- [What to do]:
All of the entries, apart from their pictures, are to be copied verbatim.
(Records shown)
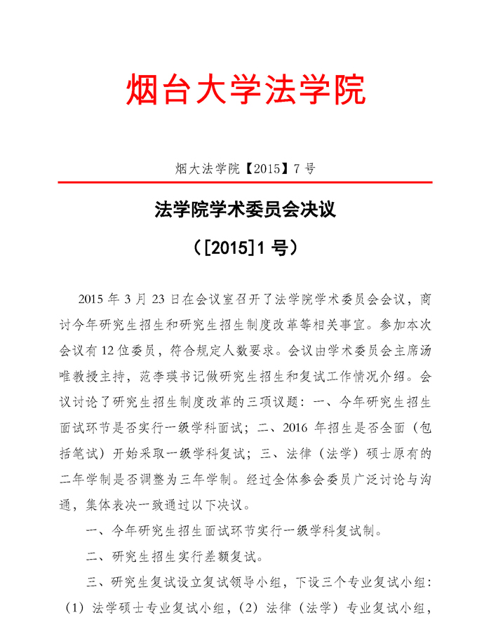 烟大抖阴 【2015】7号抖阴 学术委员会决议(2015年1号)
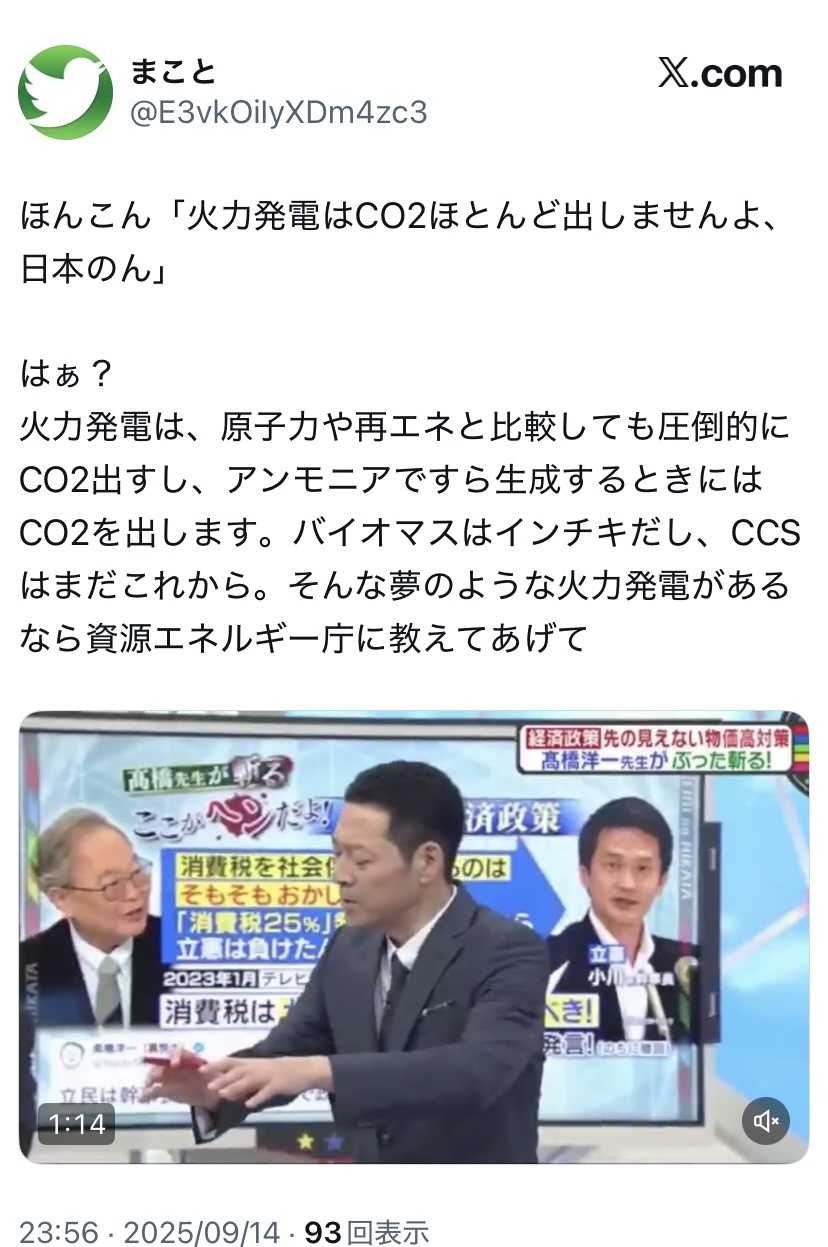 「海外の火力発電に比べたら」ってのが抜けてるのかな
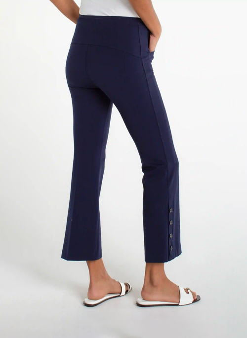 A sleek update to the classic kick flare. The Stella silhouette sits comfortably at the mid rise and opens into a chic, subtle flare that feels modern and refined. Smooth pull on construction and welt pocket detailing create a clean, tailored look, while the button accents at the hem add a stylish finishing touch.
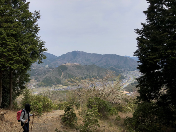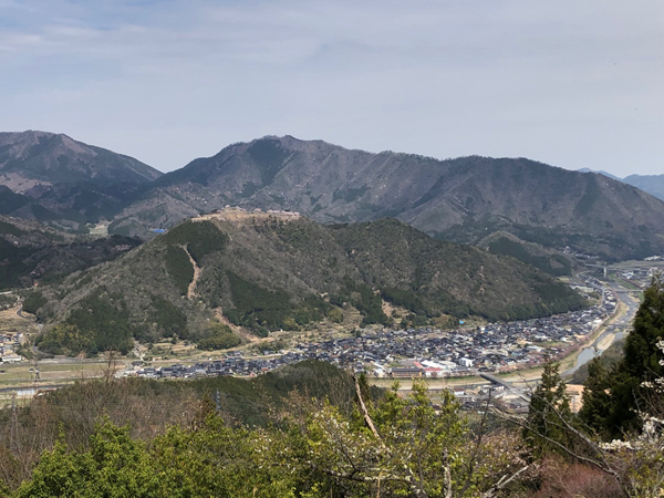 山の中腹から望む「天空の城:竹田城」。(跡)。朝来の街も望めます。
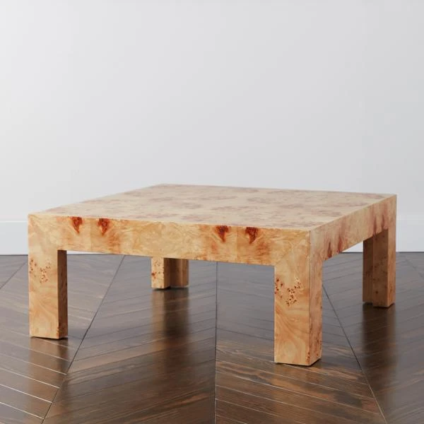 Our Brynn coffee table makes a stunning focal point in the living room with its richly figured burl veneers and modern, clean-lined silhouette. A high-gloss finish completes this luxe design.
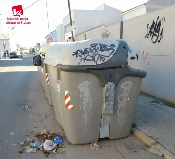 Los vecinos del barrio El Porvenir se han puesto en contacto con Izquierda Unida Alcázar para denunciar que llevan varios días sin servicio de recogida de basuras, además de que los contenedores calcinados de la Calle Cuatro Caminos no han sido repuestos, con lo que se han de desplazar un kilómetro para poder depositar los residuos en el siguiente contenedor.
(End Records shown)
- [Exercise output]:
 烟大抖阴 【2015】7号抖阴 学术委员会决议(2015年1号)
 「海外の火力発電に比べたら」ってのが抜けてるのかな
 A sleek update to the classic kick flare. The Stella silhouette sits comfortably at the mid rise and opens into a chic, subtle flare that feels modern and refined. Smooth pull on construction and welt pocket detailing create a clean, tailored look, while the button accents at the hem add a stylish finishing touch.
 山の中腹から望む「天空の城:竹田城」。(跡)。朝来の街も望めます。
 Our Brynn coffee table makes a stunning focal point in the living room with its richly figured burl veneers and modern, clean-lined silhouette. A high-gloss finish completes this luxe design.
 Los vecinos del barrio El Porvenir se han puesto en contacto con Izquierda Unida Alcázar para denunciar que llevan varios días sin servicio de recogida de basuras, además de que los contenedores calcinados de la Calle Cuatro Caminos no han sido repuestos, con lo que se han de desplazar un kilómetro para poder depositar los residuos en el siguiente contenedor.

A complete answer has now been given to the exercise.